Your assignment » Please output exactly the part of the records below that opens with the line containing "游客在阿尔山旅游景区感受自然" and closes with the line containing "行走在青绿之间是一种享受,不", both lines included, and nothing else.

Listed records »

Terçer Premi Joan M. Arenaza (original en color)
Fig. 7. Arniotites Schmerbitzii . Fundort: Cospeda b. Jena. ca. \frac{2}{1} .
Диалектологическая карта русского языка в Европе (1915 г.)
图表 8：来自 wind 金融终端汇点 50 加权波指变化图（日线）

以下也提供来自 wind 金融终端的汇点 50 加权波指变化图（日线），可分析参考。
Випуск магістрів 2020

==

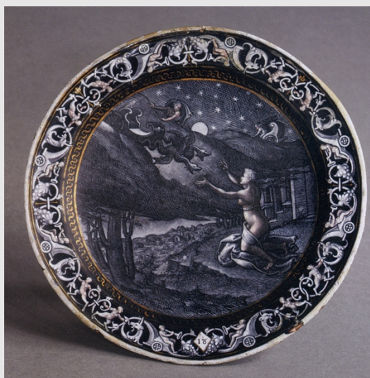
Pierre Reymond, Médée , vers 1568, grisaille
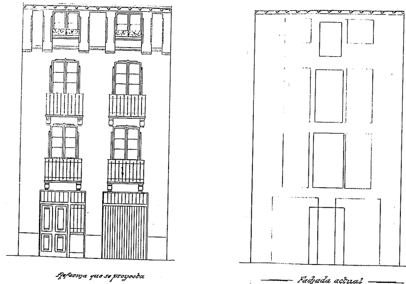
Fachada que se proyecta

* * *

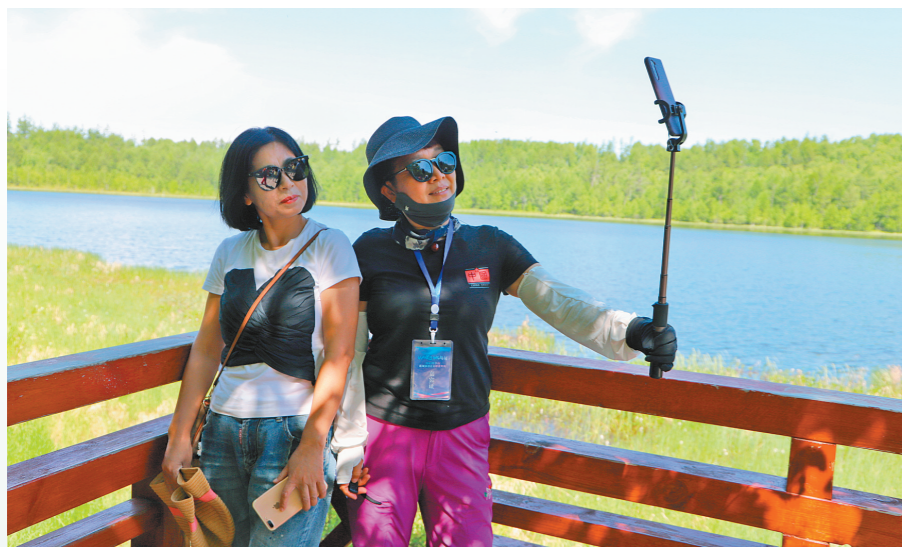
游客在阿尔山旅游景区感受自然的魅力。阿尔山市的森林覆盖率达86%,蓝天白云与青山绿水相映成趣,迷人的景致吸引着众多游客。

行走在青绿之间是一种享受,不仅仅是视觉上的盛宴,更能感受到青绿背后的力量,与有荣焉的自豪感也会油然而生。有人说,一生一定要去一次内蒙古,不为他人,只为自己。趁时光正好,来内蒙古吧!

Response below »
游客在阿尔山旅游景区感受自然的魅力。阿尔山市的森林覆盖率达86%,蓝天白云与青山绿水相映成趣,迷人的景致吸引着众多游客。

行走在青绿之间是一种享受,不仅仅是视觉上的盛宴,更能感受到青绿背后的力量,与有荣焉的自豪感也会油然而生。有人说,一生一定要去一次内蒙古,不为他人,只为自己。趁时光正好,来内蒙古吧!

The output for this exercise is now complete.